To do: An exact copy of the lines, starting at the top of the listing and ending with the line that has "Letter from E.C.", is the required answer. Pictures are not part of it.

Given data:
________________________
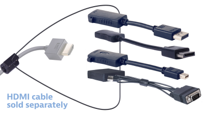 * 1 Adapter Cable DisplayPort male to HDMI female 5 inches long (AR-DPM-HDF) * 1 4K DisplayPort to HDMI Cable Adapter 5 inches long (AR-DP4K-HDF) * 1 4K Mini DisplayPort to HDMI Cable Adapter 5 inches long (AR-MDP4K-HDF) * 1 VGA + USB to HDMI Adapter Cable 8 inches long (AR-VMU-HDF) * 1 Base security clamp, cable and hardware for DL-AR system (DL-CL)
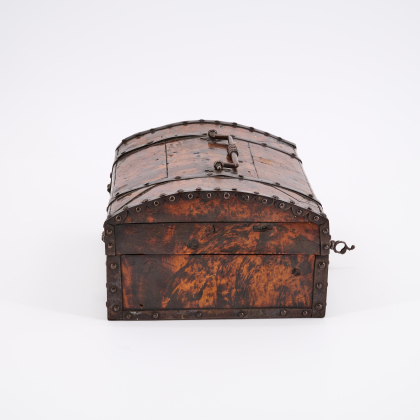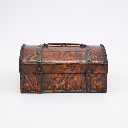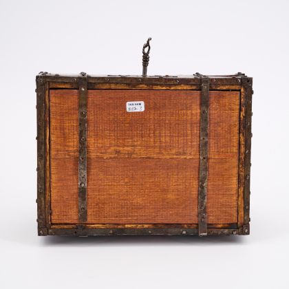 der Außenkanten und quer über den Deckel verlaufende Eisenbänder.
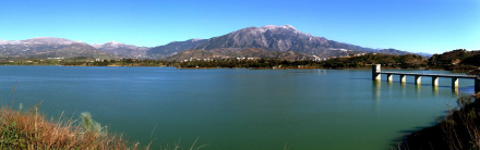 Vi kommer forbi to landsbyer, Colmenar og Riogordo, og derfra til vandreservoiret La Viñuela, som på grund af den megen regn i år er fyldt til bristepunktet. Det er længe siden, der har været så meget vand ved dæmningen.
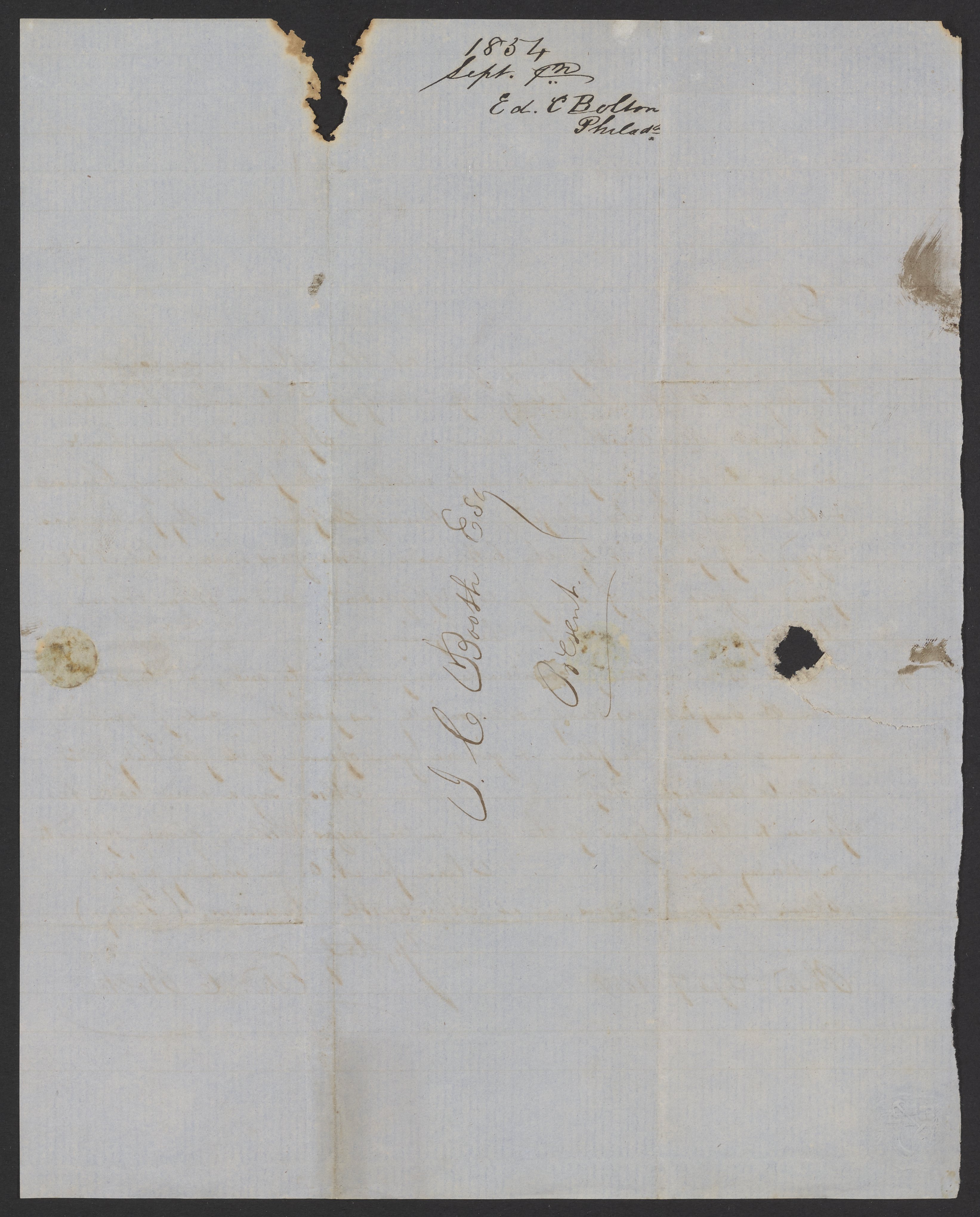 Letter from E.C. Bolton to James Curtis Booth, September 7, 1854
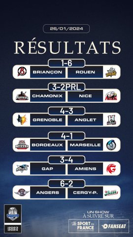 Un tiers a suffi à Grenoble pour faire la différence contre Anglet. Jere Rouhiainen ouvre le score pour les vainqueurs de la Coupe de France peu avant le quart d’heure de jeu. Craig Puffer relance l’Hormadi dans la foulée mais l’espoir est de courte durée. Les Brûleurs de Loups marquent deux buts coup sur coup par l’intermédiaire de Damien Fleury et Matias Bachelet. Flavian Dair poursuit le festival offensif isérois au retour des vestiaires. Les BDL s’arrêtent finalement à quatre buts et jouent même à se faire peur en encaissant deux buts dans le dernier tiers. Les réalisations de Craig Puffer et de Keith Getson, en powerplay à chaque fois, ne suffisent pas à empêcher la défaite des Basques.
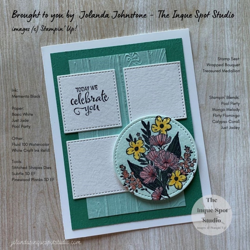 - The three squares (1⅝”) were die-cut with the Stitched Shapes Die Square from Watercolor Paper. The sentiment, Today We Celebrate You, comes from the Treasured Medallions stamp set and is also stamped in Memento Tuxedo Black Ink.
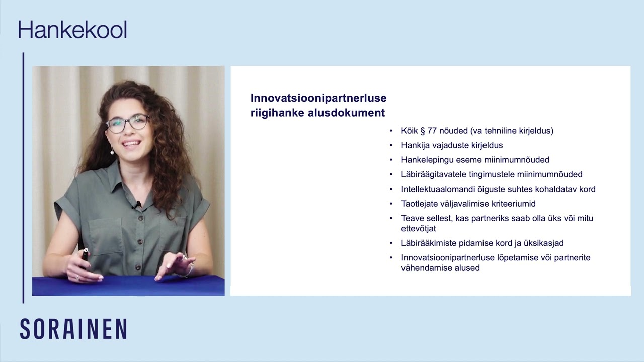 Meie riigihanketiimi vandeadvokaat Gerli Helene Gritsenko annab seekordses Soraineni hankekooli loengus põhjaliku ülevaate innovatsioonipartnerlusest ja selgitab, mida tuleb selle korraldamisel silmas pidada. Gerli räägib nii innovatsioonipartnerluse kasutamise eeldustest kui ka käib läbi selle etapid. Samuti annab soovitusi riigihangete alusdokumentide koostamiseks, sh autoriõigustega seotud tingimuste kehtestamiseks, pakkujate arvu piiramiseks, hindamiskriteeriumide seadmiseks ja hankelepingu tingimuste kehtestamiseks ning läbirääkimiste pidamiseks.
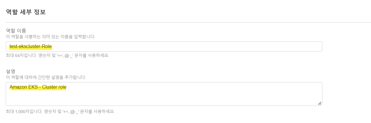역할 세부 정보 -> 이름정해주고 설명을 적어준다
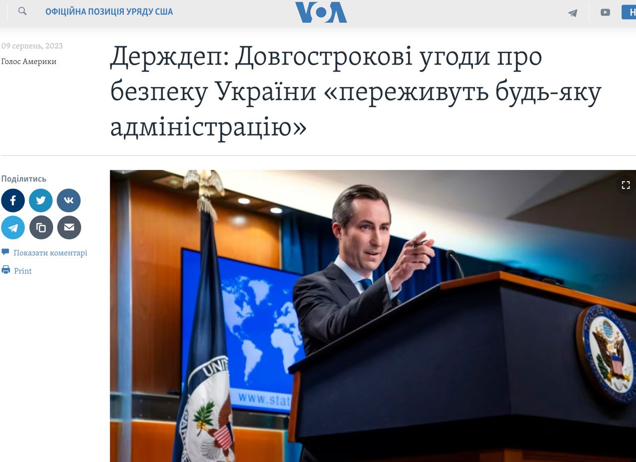 В Госдепе заверяют, что гарантии безопасности США для Украины будут актуальны независимо от результата американских выборов.
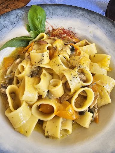 Read moreDopo aver passato la giornata al mare,in uno degli stabilimenti vicino il ristorante,la sera,prima di tornare a Roma ci fermiamo a mangiare,anche per festeggiare il come anno del figlio di un amico. Eravamo 8 adulti,e 7 bambini. Spaziamo con gli ordini dal carpaccio alla bruschetta del mare(vedere foto),alla pizza caprese(cotta a legna ma impasto più da pane-pizza che da pizza vera a propria. A me non ha creato nessun problema poiché le mie origini vertono sulla napoletana,piuttosto che sulla romana. Lo dico, perché,se ci si aspetta la classica romana,sbagliate a prendere la pizza). I primi variano dal classico spaghetto alle vongole agli gnocchetti al pesce spada ed olive di fondi,alla frittura di paranza,alla frittura di calamari e gamberi. Nulla da eccepire su nessun piatto. Gli spaghetti con le vongole non avevano un granello di sabbia e le vongole erano perfette. La frittura,sia essa di paranza o gamberi e calamari,per nulla unta. La bruschetta del mare,consta un un piatto con pesce,sughetto e due bruschettone(ottimo ma lo consiglio per 2). Gli gnocchi al pesce spada buoni, però l'oliva di fondi,essendo abbastanza acida ha coperto in parte il gusto dello spada. La pizza per me è stata ottima(ho fatto lassaggi del conicione). Pasta al sugo per alcuni bambini normale. Prese inoltre 4 cotolette impanate di pollo. La torta ordinata al ristorante è stata totalmente sbagliata,sia per consistenza(chantilly sbagliata,si sentiva troppo la panna) che la crema al cioccolato(idem,troppa panna) che la consistenza del pane di spagna. Poco arioso e di difficile masticazione. L'alveolatura era simile a quella del babbà,che di Pan di spagna ha ben poco. Cmq totale a coppia 115 euro(2 adulti e due bambini). Nel conto ci sono da considerare anche le bottiglie d'acqua,la coca cola e due bottiglie di pinot bianco da...
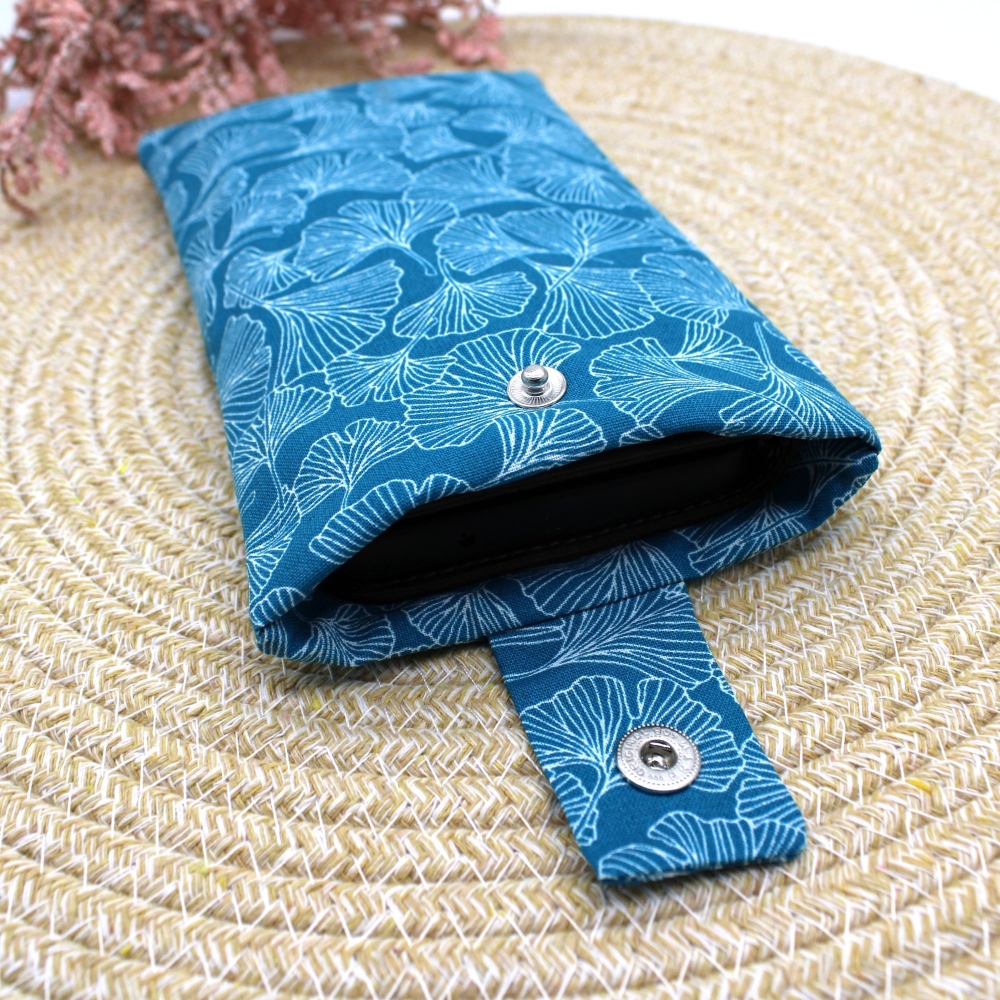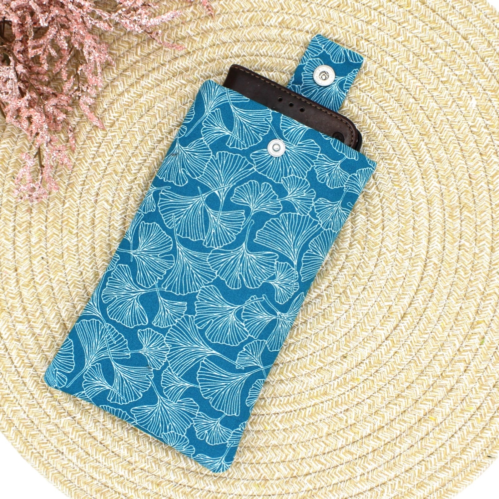 Meine Handyhülle vereint stilvolle Rankenmuster mit schützender Struktur. Die äußere Schicht besteht aus hochwertigem türkisem Baumwollstoff, der jedes Smartphone zu einem eleganten Blickfang macht. Innen ist sie zusätzlich mit mit einer weichen Vlieseinlage gefüttert, die dem Gerät zuverlässigen Schutz vor Stößen bietet.
________________________
Answer below:
 * 1 Adapter Cable DisplayPort male to HDMI female 5 inches long (AR-DPM-HDF) * 1 4K DisplayPort to HDMI Cable Adapter 5 inches long (AR-DP4K-HDF) * 1 4K Mini DisplayPort to HDMI Cable Adapter 5 inches long (AR-MDP4K-HDF) * 1 VGA + USB to HDMI Adapter Cable 8 inches long (AR-VMU-HDF) * 1 Base security clamp, cable and hardware for DL-AR system (DL-CL)
 der Außenkanten und quer über den Deckel verlaufende Eisenbänder.
 Vi kommer forbi to landsbyer, Colmenar og Riogordo, og derfra til vandreservoiret La Viñuela, som på grund af den megen regn i år er fyldt til bristepunktet. Det er længe siden, der har været så meget vand ved dæmningen.
 Letter from E.C. Bolton to James Curtis Booth, September 7, 1854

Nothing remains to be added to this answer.